Jacco Gardner: Somnium

Justin Jacobs on March 8, 2019
Jacco Gardner: Somnium

Jacco Gardner wasn’t born of this time. The Dutch-bred, Lisbon-based psychedelic composer twirled out of the gate with 2013’s Cabinet of Curiosities, which sounded like a long-lost Zombies record buried on some distant shore. But on Gardner’s third album, Somnium , he’s thrown out traditional song structure—and his own vocals entirely, for that matter—to create an instrumental exploration that’s fitting to help you focus at work or float off into space on your next intergalactic voyage. You won’t be singing along here, but Somnium ’s spiderweb melodies and rich textures will burrow deep into your psyche.
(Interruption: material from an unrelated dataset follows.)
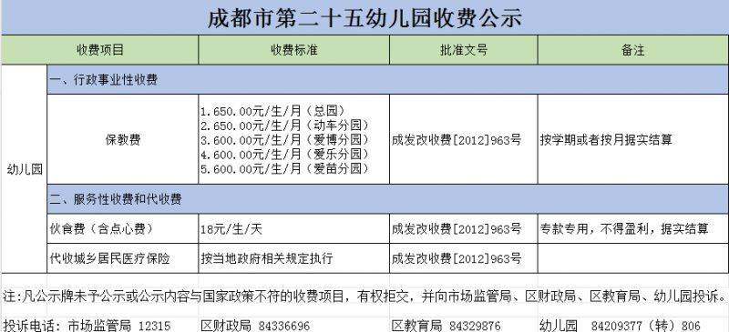 根据省教育厅《关于进一步加强教育收费管理有关事项的通知》要求,现将成都市第二十五幼教育集团收费信息公示如下:

The album was inspired by the 1608 Johannes Kepler novel, considered one of the first works of science fiction. That influence comes through—this is the sound of space we imagined before we got there. The most easily graspable of Somnium ’s 12 tracks build on a single, repetitive but transforming melody while Gardner’s arrangements of churning, clip-clopping percussion, scuzzy electric guitars and twinkling, alien keys dance below. At its best, the record will have you spinning along, no matter if you’re in an office chair or on an evening stroll. Take “Privolva,” a bouncing, quivering, sixminute mirage of a tune that sounds like what the Star Wars cantina band could’ve evolved into on hour four of an acid trip. It’s immediately followed by “Pale Blue Dot,” a warbling, Enoesque ambient journey that really just serves as a bridge to the rest of the album. As an experiment, Somnium succeeds. You can almost hear Gardner whispering: Ladies and gentlemen, we are floating in space.